Raoul started, and gazed at the heavens, the vane, and the surface of the sea; the latter beginning to show a slightly ruffled surf ace. Then his eye wandered toward Ghita. The girl had risen from her knees, and her eyes followed his every movement. When they met his, with a sweet, imploring smile, she pointed upward, as if beseeching him to pay the debt of gratitude he owed to that dread Being who had as yet borne him unharmed through the fray. He understood her meaning, kissed his hand in affectionate gallantry, and turned toward Ithuel, to pursue the discourse.

"It is too soon," he said. "We are impregnable here, and the wind is still too light. An hour hence, and we will all go together."

Ithuel grumbled; but his commander heeded it not. The judgment of the latter had decided right. The boats were rallying within musket-shot, indifferent to the danger, and it was evident the attack was to be renewed. To have attempted to escape at such an instant would have been throwing away the great advantage of the ruins, and might have endangered all, without benefiting any one.

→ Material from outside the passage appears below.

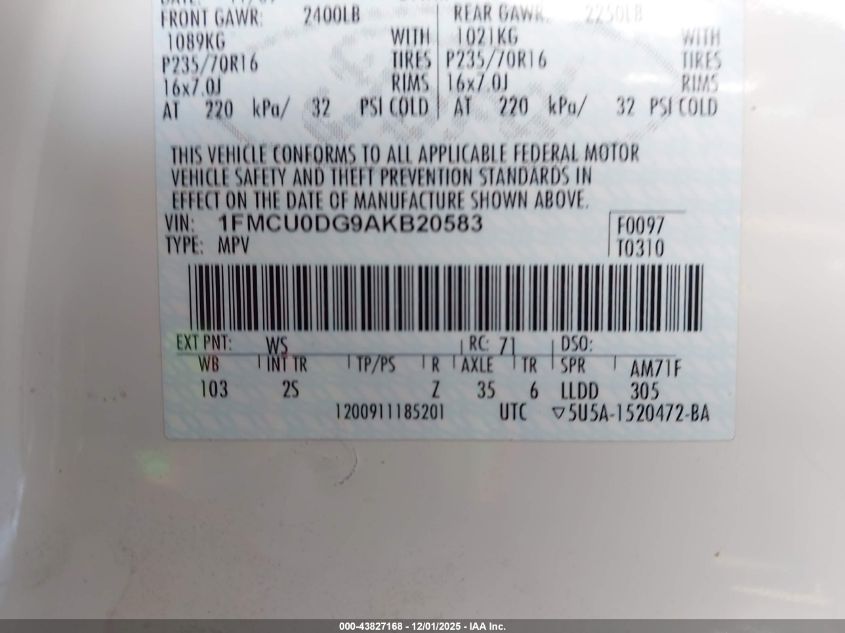 Цвет БелыйЦилиндры 6Привод Передний приводVIN 1FMCU0DG9AKB20583Состояние СтационарноПовреждения Обычный износ AutoRIA

In point of fact, Sir Frederick Dashwood had become keenly alive to a sense of the disgrace he was likely to incur, in the event of the ships' getting round, and robbing him of the credit of capturing the lugger. The usually apathetic nature of this young man was thoroughly aroused, and, like all who are difficult to excite, he became respectable when his energies were awakened. The boats were already collected; all the disabled were put into one of them, and ordered off to the ships; and with those that remained arrangements were made to renew the attempt. It was fortunate that Cuffe had sent an expedition so strong-handed; for notwithstanding the loss, the three launches and the cutters could still muster double the number of the French.

This time, Sir Frederick was willing to listen to counsel. Winchester, McBean, Griffin, and Strand united in advising that the boats should separate, and make their assaults from different points. This would prevent the possibility of a recurrence of so concentrated a disaster as that which had already befallen them. To the Scotchman was assigned the felucca; the Terpsichore's launch was to assail the lugger; while the two cutters and the heavier boat of the Proserpine were to dash in at the ruins. Sir Frederick still remained in his own gig, to push for the point that might seem to require his presence.

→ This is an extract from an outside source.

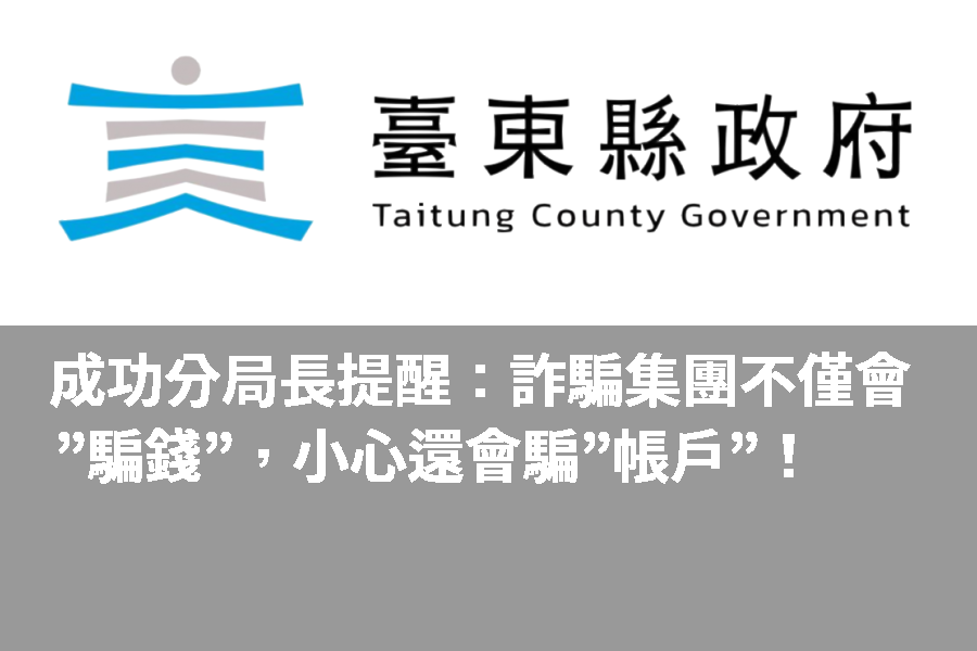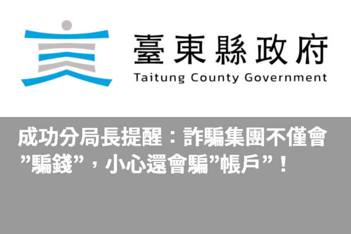 東部新聞台東縣成功分局長提醒:詐騙集團不僅會”騙錢”,小心還會騙”帳戶”!

McBean was the first to fire on this occasion. He threw a round-shot from his carronade into the felucca, aimed by himself, and directed with care. It fell upon one of Ithuel's carronades, broke it into a dozen pieces, knocked down no less than three men, besides injuring others less severely, and actually drove the gun it struck off its slide into the felucca's hold. This was a rough commencement, and the result being seen by all hands it greatly encouraged the assailants. Three hearty English cheers followed, and Ithuel was so far disconcerted as to fire the remaining gun, loaded as before with bullets, at least two minutes too soon. The sea was thrown into a foam, but not a man in the boats was hurt. Then the fire became general, gun after gun exploding; the rattling of small-arms filling up the pauses. The boats came on with steady, strong pulls of the oar, and this too with an impunity that often happens, though difficult to be explained. Several shot fell among the ruins, knocking the stones about, and for a minute or two all the injury was on one side. But Pintard and Ithuel felt the security conferred by the rocks in their front, and each endeavored to give one effective discharge. Ithuel succeeded the best He repaid McBean in his own coin, sending a grist of bullets into the bows of his launch, which admonished that prudent officer of the necessity of shearing toward the islet of the ruins. Pintard's assailant was brought up by the barrier in front, and turned aside also. Then, in the midst of a cloud of smoke, shouts, curses, cries, shrieks, orders, and the roar of guns, all the English precipitated themselves in a body on the principal post, and became the masters of the battery in the twinkling of an eye.